AI think, therefore AI am
What exactly do people mean when they talk about AI in 2018? Where do I start if I want to embrace AI in my business? Get your questions answered in our Think:Act magazine on artificial intelligence.
by Wolfgang Zehrt
Illustrations by Mungang Kim
If you think disruption of the media business is old news, think again. It's only just getting started, and the largest threat – or opportunity, depending on how you look at it – is looming within sight: robot writers.

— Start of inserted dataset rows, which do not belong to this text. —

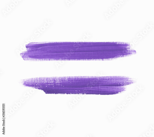 Acrylic art brush paint texture stripes set isolated vector background. Purple underline stroke set.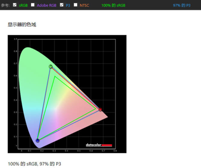 ↑P3色域模式下画面更生动,调色工作的话可以切换到100% sRGB模式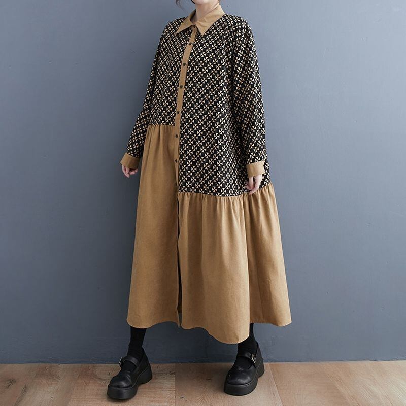 幾何学柄と無地を大胆に切り替えた、目を引く存在感のあるシャツワンピース。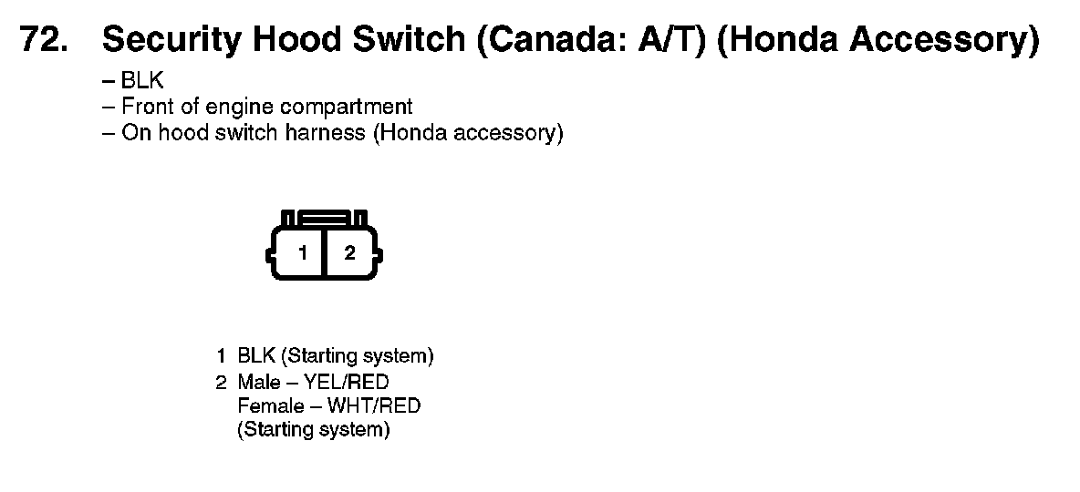 72. Security Hood Switch (Canada: A/T) (Honda Accessory):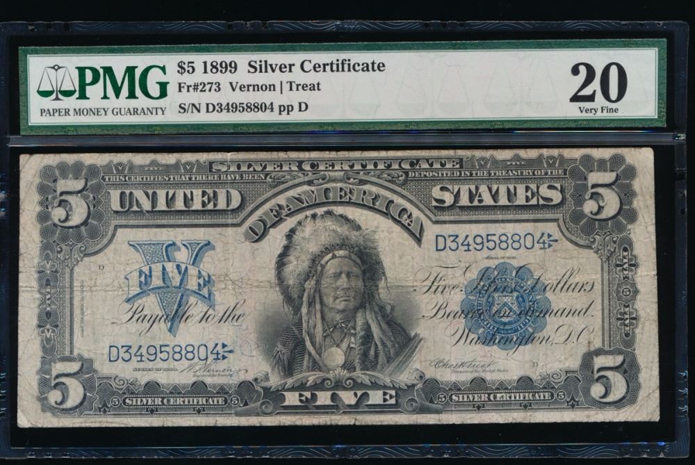 One 1899 $5 Chief Silver Certificate PMG 20.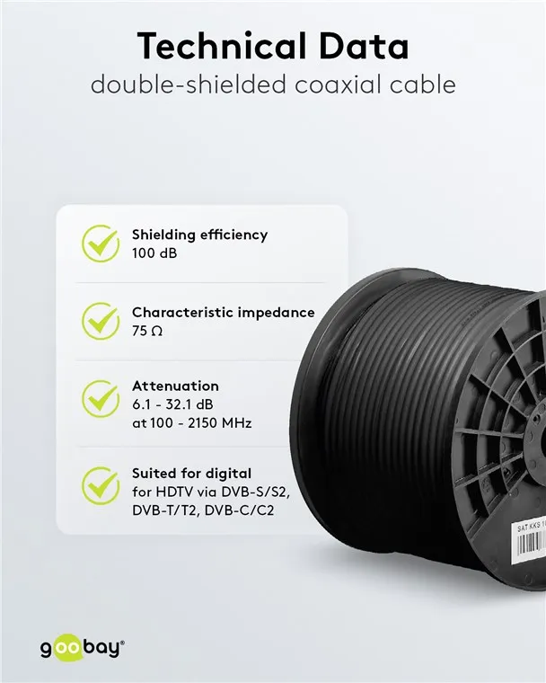 100 dB SAT Coaxial Cable, Double Shielded, Cu

Ask Anybody to describe a journalist to you and you'll get as many answers as the people you question. The stereotype fits a number of images and descriptions: There's the US cliché of a trench coat-wearing scribbler in a trilby hat with a press ticket in the band; then there's the hard-playing, hard-drinking hack of London's Fleet Street; and what about the fearless seekers of truth all over the world who are prepared to die – and sometimes do – to get their stories out? However tenacious they are, though, we all think of journalists as human beings, and that the role they play is a vital component in a functioning democracy: speaking truth to power and promoting freedom of thought as well as speech.
In recent years, however, there seems to be an ever-growing set of conditions that threaten to damage the fourth estate, the way journalism works and those sweating over their keyboards. The disruption of the business model with the advent of the internet and digital publishing was one such threat. The specter and accusation of "fake news" striking at the integrity and trustworthiness of the media was another. But added to these is a new and possibly much more mortal threat. It isn't so much about business or about how the news is delivered – online, print, mobile – but more about how the news is written. How it is produced. How it is generated.

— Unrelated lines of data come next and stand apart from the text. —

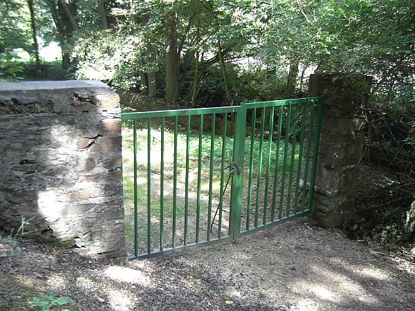 Hinter der Brücke biegt man rechts in einen Weg ein, der zum Friedhof führt.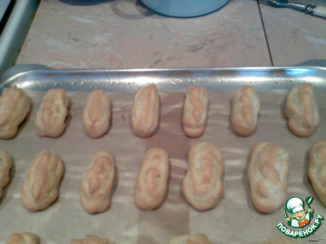 Выпекать в разогретой духовке при температуре 180 градусов 35-40 минут. Дверцу духовки не открывать, пока пирожные пекутся. Готовые эклеры остудить.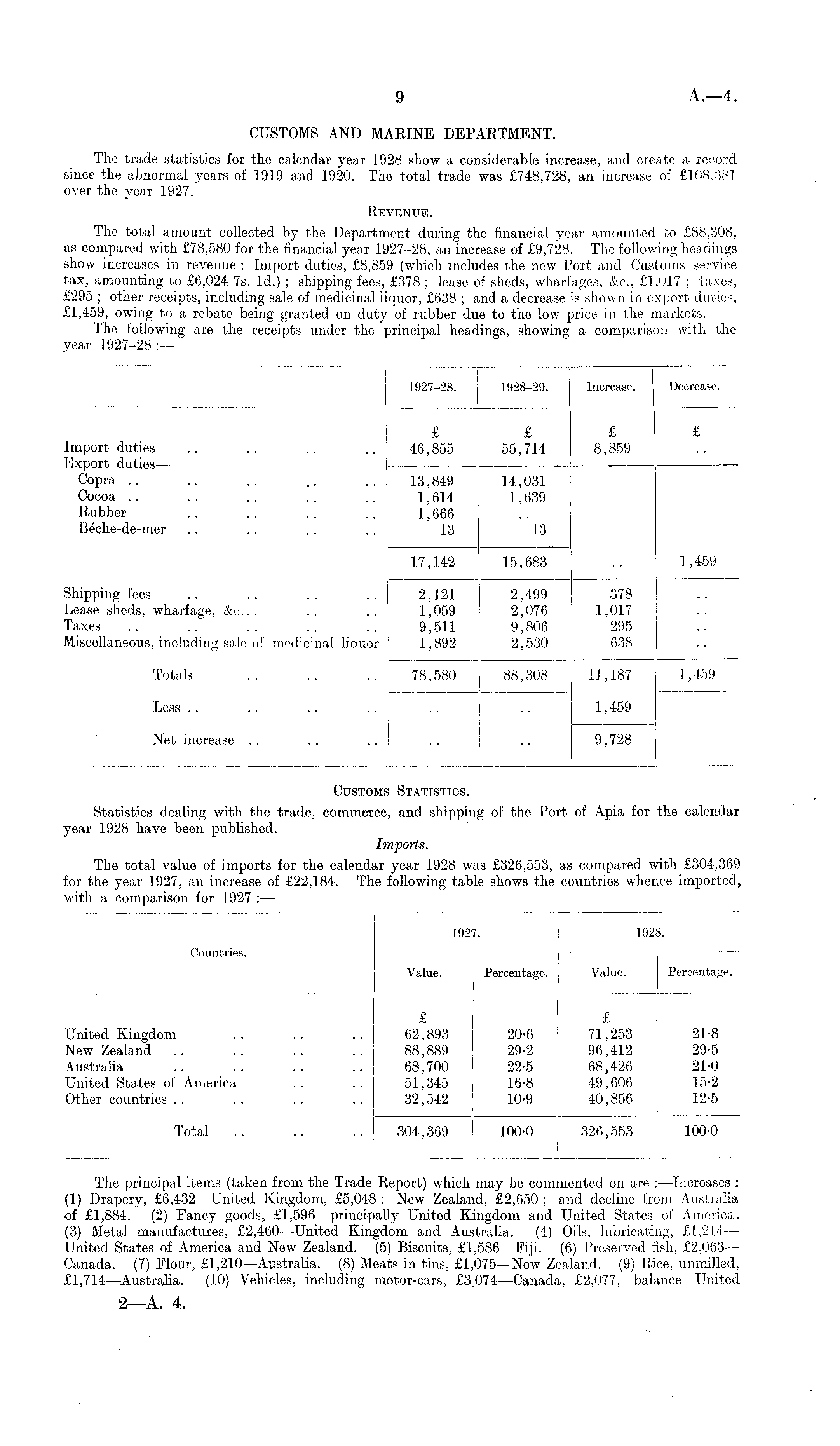 Customs Statistics. Statistics dealing with the trade, commerce, and shipping of the Port of Apia for the calendar year 1928 have been published. Imports. The total value of imports for the calendar year 1928 was £326,553, as compared with £304,369 for the year 1927, an increase of £22,184. The following table shows the countries whence imported, with a comparison for 1927 : —•

According to a recent BBC news report, by 2022 some 90% of all news content will be written by "robots." Digitization and the rapidly increasing amount of data it has made readily available is enabling large parts of today's reporting to be created by a computer: the weather, football and stock markets have been the first areas in which "natural language generation" programs have been able to deliver good, readable stories.
Today, a computer at the Norwegian NTB news agency even writes a large proportion of its election reporting. That said, editor-in-chief Mads Yngve Storvik stresses that he can't see a robot being able to conduct an interview any time soon. At the US news agency The Associated Press, a computer already produces 10,000 economic and baseball reports every month. And under new owner Jeff Bezos, billionaire founder of Amazon, The Washington Post is rapidly developing a new content management system (CMS) that has put automated content generation at its heart right from the get-go.
Robot journalism will likely lead to thousands of media job losses around the world. However, it might not mean that all is lost for the journalists who can find the right way through. Investigative stories such as The Panama Papers-style reports, or outstanding portraits and profiles – the kind of content that differentiates a publication from its competitors – could thrive in this new media age. No matter how good, a stock market report will never win any journalism prizes, whether it was written by a robot or a human. Leaving aside such specialist reporting, though, can the news media become fully automated? The dream might be for day-to-day, high-frequency and personalized news business to be handled by computers that never need to stop for breaks, but will it always need that special human touch? What about the questions of judgment and tone?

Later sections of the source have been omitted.